Examining the weights:

We can see that our model found temperature to be the single largest factor in determining number of riders. It gave negative weights to weekdays and surprisingly holidays as well. The warmer months have higher weights than the winter months, but early spring and fall have higher weights than summer does.
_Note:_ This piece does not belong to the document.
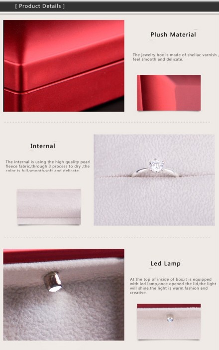 Red leatherette ring box with an LED light built into the lid! Let your ring shine with our new LED light ring box, this powerful white LED light will make your ring sparkle the moment the box opens.

I believe that the temperature weight compensates for the lower weights of the summer months to make it so the model still predicts the highest ridership numbers during the summer. This makes sense, since every day during the summer in DC is hot… The year also was given a positive weight, reflecting the higher ridership numbers in 2012 compared to 2011.